=== Records ===
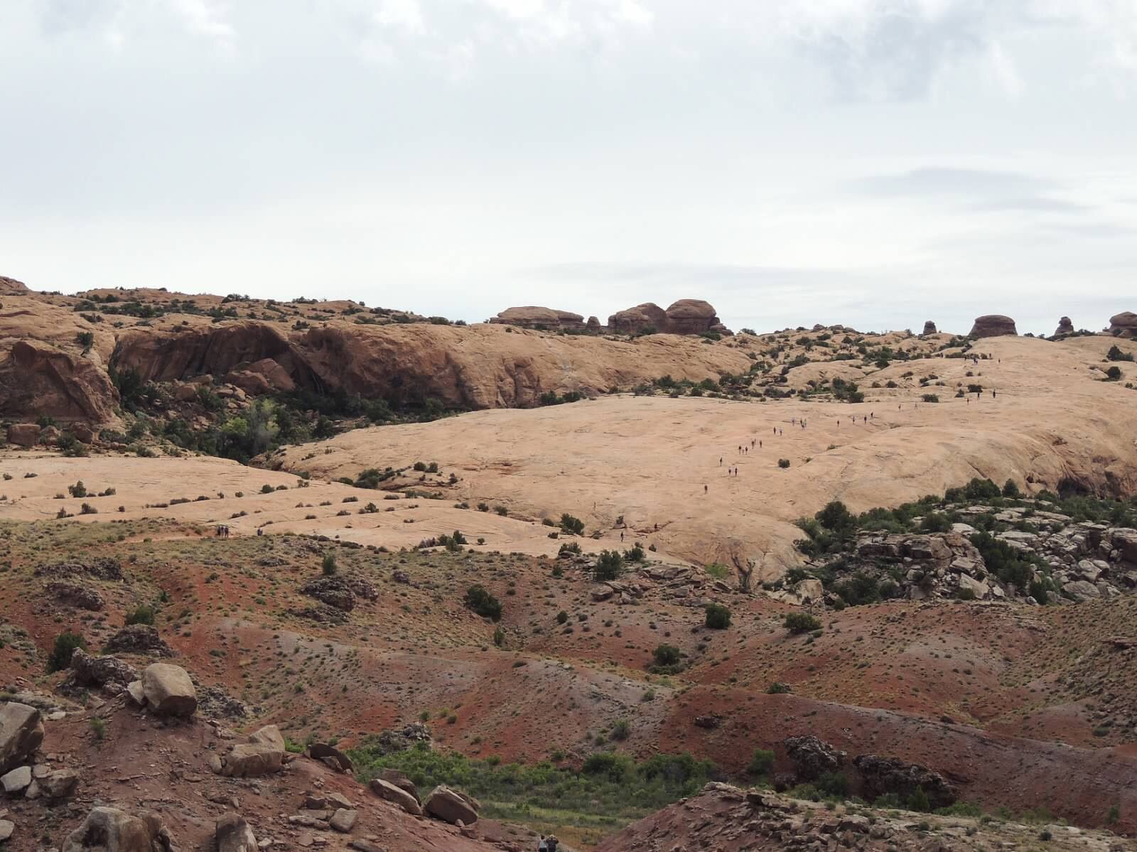 People look like ants walking across the slick rock hill.
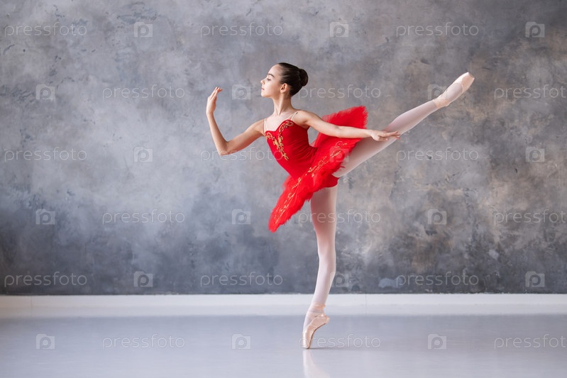 Милая маленькая девочка мечтает стать профессиональной балериной. В зале танцует девушка в ярко-красной пачке на пуантах. Ученик профессионального училища
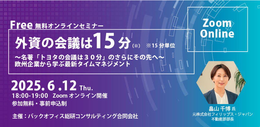 2021年に話題となった書籍『トヨタの会議は30分』。この本が伝えたのは、単なる時短ではありません。 「時間を制限することで、会議の質と実行力を高める」という、逆転の発想でした。今回のイベントは外資企業で18年の経験を持つ畠山千博氏が登壇し、リアルな事例とともに、「決めるための会議設計」を紹介します。
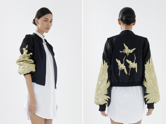 Duo desainer Malaysia-Indonesia, Sean & Sheila juga menyuguhkan jaket Bomber ala Jokowi yang tak kalah menarik. Tampil dengan desain yang sederhana, tersedia detail sulaman nan menawan. Sulaman warna emas berupa sayap burung di bagian lengan dan burung di bagian belakang tersebut bisa menjadikan Anda lebih mencuri perhatian. Jaket dengan lengan menggembung itu bisa dimiliki seharga Rp 5,9 juta.
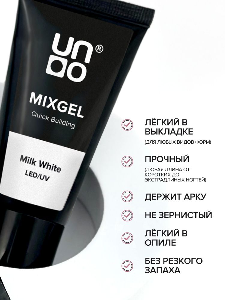 Полиакриловый гель UNO MIXGEL Milk White, камуфлирующий, 30г
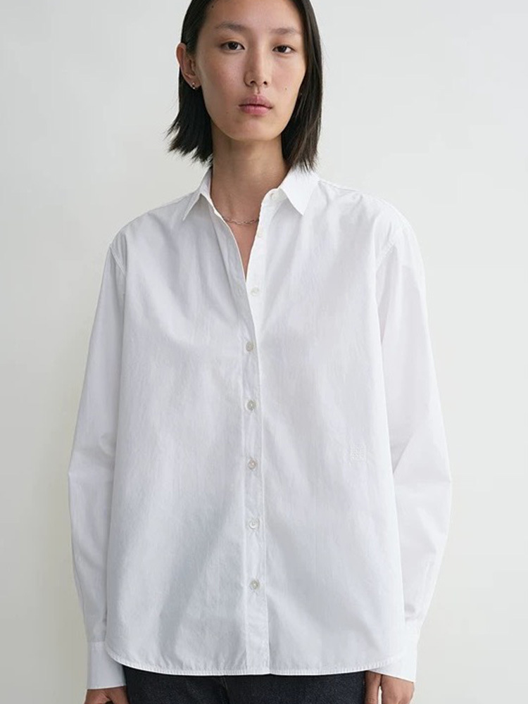 시위안 25 가을 신상품 럭셔리 고급감 고급 면 셔츠 심플한 단색 실루엣 셔츠 여성용 긴팔 상의스토어 가기
===
» Problem requirements: Retype the listing exactly. Skip every picture.

» Reply to the task:
 People look like ants walking across the slick rock hill.
 Милая маленькая девочка мечтает стать профессиональной балериной. В зале танцует девушка в ярко-красной пачке на пуантах. Ученик профессионального училища
 2021年に話題となった書籍『トヨタの会議は30分』。この本が伝えたのは、単なる時短ではありません。 「時間を制限することで、会議の質と実行力を高める」という、逆転の発想でした。今回のイベントは外資企業で18年の経験を持つ畠山千博氏が登壇し、リアルな事例とともに、「決めるための会議設計」を紹介します。
 Duo desainer Malaysia-Indonesia, Sean & Sheila juga menyuguhkan jaket Bomber ala Jokowi yang tak kalah menarik. Tampil dengan desain yang sederhana, tersedia detail sulaman nan menawan. Sulaman warna emas berupa sayap burung di bagian lengan dan burung di bagian belakang tersebut bisa menjadikan Anda lebih mencuri perhatian. Jaket dengan lengan menggembung itu bisa dimiliki seharga Rp 5,9 juta.
 Полиакриловый гель UNO MIXGEL Milk White, камуфлирующий, 30г
 시위안 25 가을 신상품 럭셔리 고급감 고급 면 셔츠 심플한 단색 실루엣 셔츠 여성용 긴팔 상의스토어 가기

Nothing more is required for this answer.